Times Leader

A new painting, new insight for Old King Coal

Local artist Sue Hand joins former King’s College President The Rev. Thomas O’Hara near her painting of the Dorrance breaker Thursday night. The painting was purchased and donated to King’s and unveiled Thursday during an Anthracite Heritage Month event. Mark Guydish | Times Leader

WILKES-BARRE — The painting depicts a coal breaker that stood a short distance from the artwork’s new home, the children and adults almost floating hauntingly in the foreground, some based on photos of real people who worked at the Dorrance Colliery.

The new acquisition done by Sue Hand and purchased and donated to King’s College marked the opening of a night celebrating Anthracite Heritage month Thursday, but more compelling imagery awaited.

Penn State University Scranton Professor Emeritus Philip Mosley projected photos and illustration during a wide-ranging lecture on how the Anthracite Industry infused the region — and continues to do so — ever since most of the booming mines closed and the remnant breaker behemoths disappeared. There were pictures of children smudged in the black stuff from a day at the mines, of a statue depicting a hooded member of the Molly Maguires about to be hanged, of “dark tourists” spray painting an abandoned road in Centralia, the town that withered amid fumes from an underground coal fire gone amok.

“In the ’60s and ’70s there was something of a collective amnesia about anthracite history,” Mosley said as he discussed his new book “Telling of the Anthracite: A Pennsylvania Posthistory.”

Hard coal brought the region to a crest as it fed the nation’s industrial revolution, then to its knees after the 1959 Knox mine disaster and Centralia exposed the high hazards of an already ailing business engine.

“It was those two terrible events that really put the nail in the coffin,” he added.

Mosley served as speaker for the Annual Msgr. John J. Curran Lecture at King’s, named after a Catholic priest who proved instrumental in fighting for miner labor rights and resolving strikes, most famously one in 1902 that pitted charismatic union leader John Mitchell against increasingly impatient President Theodore Roosevelt. Stationed in Wilkes-Barre, Curran earned the trust of both.

Before the lecture, current King’s President The Rev. Thomas Looney spoke briefly about the school’s origins as a place to educate the children of coal miners, and of the relatively new Miner’s Memorial just outside the building where the events were held. It includes the etched names of many local miners that, he said “call out to us today, to make the world a better place.”

Local artist Sue Hand then joined in unveiling the painting, bought for King’s by the Anthracite Heritage Foundation. She noted it is one of about 130 breakers she has recreated from photos and old drawings, always working to paint faces of people who actually lived when the places were working.

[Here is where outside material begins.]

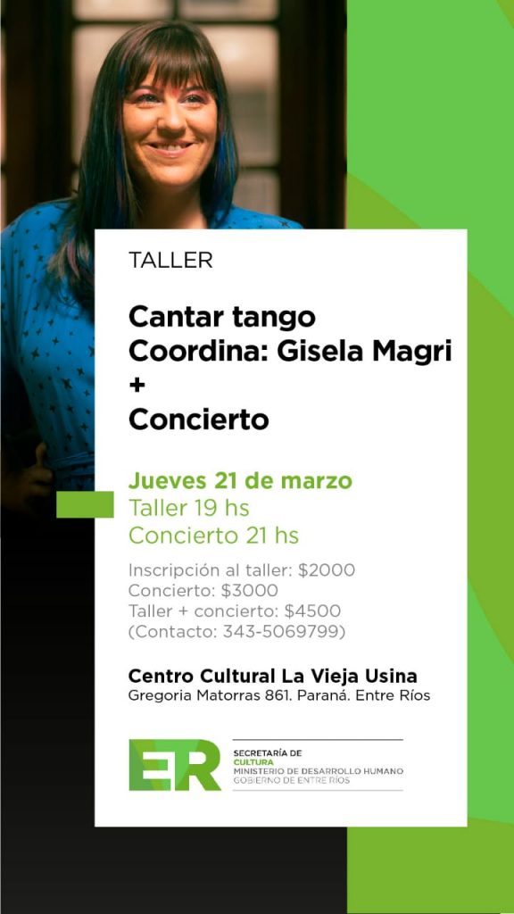 En esta oportunidad, Magri brindará el TALLER “Cantar tango”, que también se desarrollará en La Vieja Usina, el mismo jueves de 19 a 21 horas.
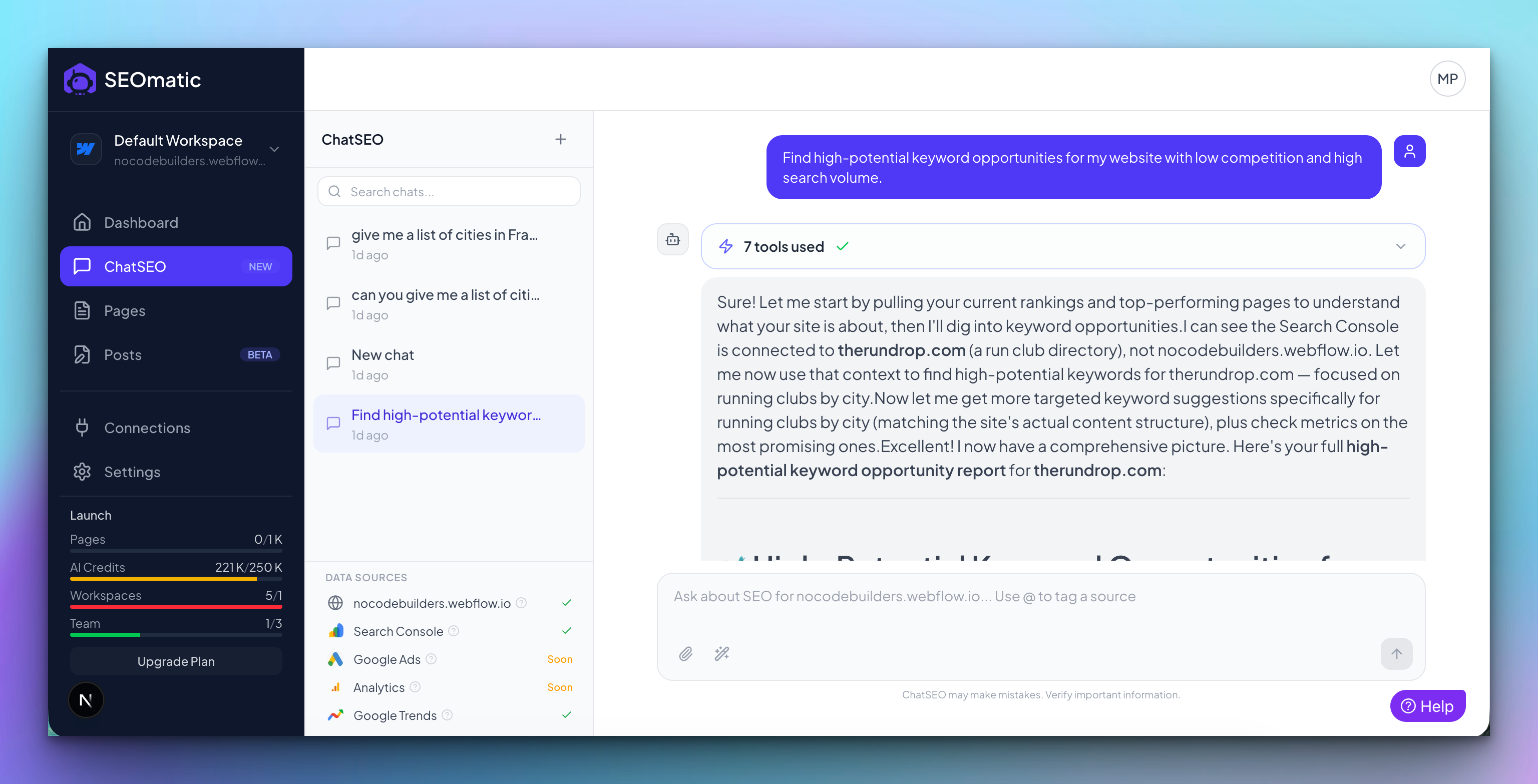 ChatSEO helps you get actionable insights and outputs for your website, so you can spend less time researching and more time building.

This one, she pointed out, prominently included a man who had worked the Dorrance operation.

The crowd retreated to a nearby classroom for Mosley’s lecture about the book, which he said attempted to review the many ways Anthracite history has morphed since the ’60s. When anthracite faded as a home heating fuel, businesses embraced the fact that coal-fired plants generated electricity. “Coal keeps the light on” one large pipe-like structure read as it spanned a road in one projected photo. “America’s black diamond,” another business sign read. “Lou digs coal” a sign outside a coal operation boasted in support of former U.S. Congressman Lou Barletta’s bid for office — an example of “politicizing the boosterism of coal.”

He showed memorials, murals and other works tied to the coal industry, a photo of the orange/yellow acid mine drainage water spewing from a bore hole near Old Forge, the graffiti-smeared, long-abandoned “Concrete City” remains near Nanticoke, an “Anthracite provisions” van for meat vendor in Shamokin, and the modern “Anthracite Cafe” in Wilkes-Barre,

There was an original bus shelter for miners recently restored with an actual slogan from the prime of coal time asking “Did you produce a car more today?” And a photo of the weathered, glass-shattered Huber Breaker — eventually razed despite a huge effort to preserve it.

“That was the last one,” Mosley said. “One by one, they all went. And that’s a crying shame.”